Why doesn’t it use the include? method of the Array? (way faster and
doesn’t need db queries at all, since the association is already
loaded.) Why does it need its own include? method?

Presumably the association isn’t actually loaded - the code in
association_collection.rb checks for that and uses Array#include? if
the association is loaded (at least that is the intent).

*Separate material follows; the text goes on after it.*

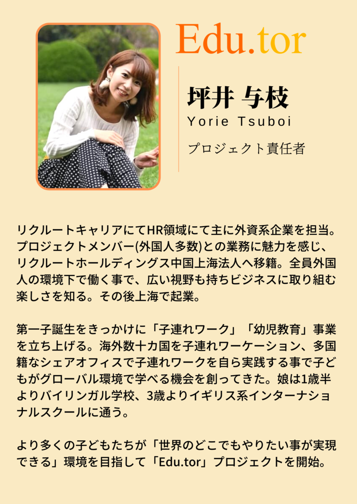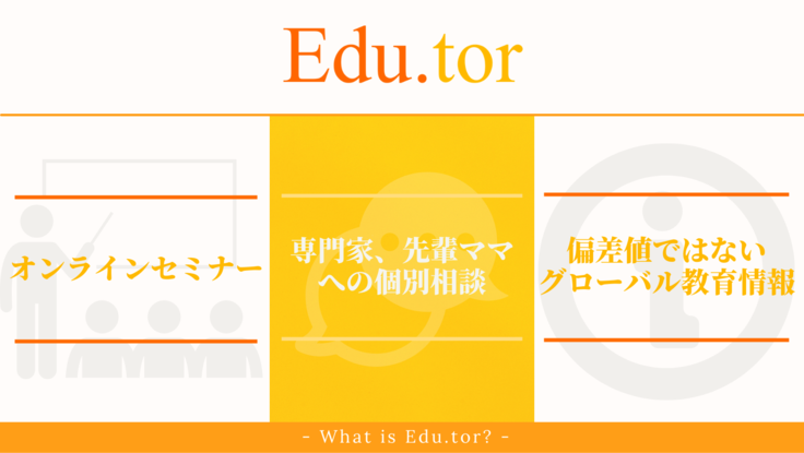 大切な我が子に、未来を支える子どもたちに、「世界中のどこでも やりたいことを実現できる教育」を与えたいパパママを応援するプロジェクト。グローバル教育に関する悩みを持つ方からの相談にこたえるべく先輩パパママや専門家にチューターとなっていただきオンライン個別相談をマッチングすることから始まり、現在はオンラインセミナーや座談会も開催。今後は学校や習いごと情報をEdu.tor独自の「グローバル教育指標」で評価・ランキングし、保護者や関係者のコメントも掲載することで実際に通っている子どもたちの学校生活を知ることができるサイトも構築すべく計画中。これらのサイト・サービスを総称して【Edu.tor】と呼んでいます。

The key thing is that active record doesn’t know ahead of time if you
are going to do this once (in which case loading 1000 objects just to
do this test would be wasteful) or if you are going to loop over a
long list of products in which case not loading the array is
wasteful). You can however (as you have found) force AR to go down the
more efficient route (but yes, it would be nicer if it was better at
guessing what you wanted to do).

Fred

so basically it’s the same 1+N query problem we face when we try to
access attributes of an associated object when we iterate through the
collection of the parent. but that one does have a solution, if you
include the associated model in the original query. (eager loading
associations)

for post in Post.find(:all, :include => :author) # 2 db queries)
p post.author.name #no db query
end

but in case of object.collections, AR caches the association
automatically like:

project.milestones # fetches milestones from the database
project.milestones.size # uses the milestone cache
project.milestones.empty? # uses the milestone cache
project.milestones(true).size # fetches milestones from the database
project.milestones # uses the milestone cache

So technically AR should know that the associated objects are loaded
already (and cached) so the include? method should use the faster
Array#include? method instead of AssociationCollection#inlcude? or to be
more accurate #exists? method, right?

project.milestones.include?(milestone) #should be fetched from cache
too, no db query should be needed)

It seems that it’s programmed in the framework, but for some reason in
my example it’s always getting the result from the database instead of
the already loaded association cache.

Why is that?

Thanks,
Mark

Optimization really depends on the developer. The ORM framework has
limitations. You could move the fetch outside the loop and use
specific fields to reduce memory usage as well. For example
(illustrative)
<% avail_category_ids = @product.categories.all(:select => “id”).map{|
category| category.id})
Category.all(:select => “id”).map{|category| category.id} do |
category| %>
<%= check_box_tag “product[category_ids][]”, category.id,
avail_category_ids.include?(category.id) %>
<% end %>

On Aug 3, 9:28 pm, Mark R. [email protected] wrote:

project.milestones # fetches milestones from the database
project.milestones.size # uses the milestone cache
project.milestones.empty? # uses the milestone cache
project.milestones(true).size # fetches milestones from the database
project.milestones # uses the milestone cache

Actually that’s not quite true: project.milestones does nothing
(except possibly create an instance of AssociationCollection. In the
console it looks like this loads the array but this is only because
the console calls #inspect to display it (which causes it to be
loaded). project.milestones.size will do a count(*) as will .empty?
unless something else had caused the association to be loaded.

my example it’s always getting the result from the database instead of
the already loaded association cache.

Why is that?

I suspect that the association cache isn’t actually loaded but without
seeing what you’re doing this is mere speculation.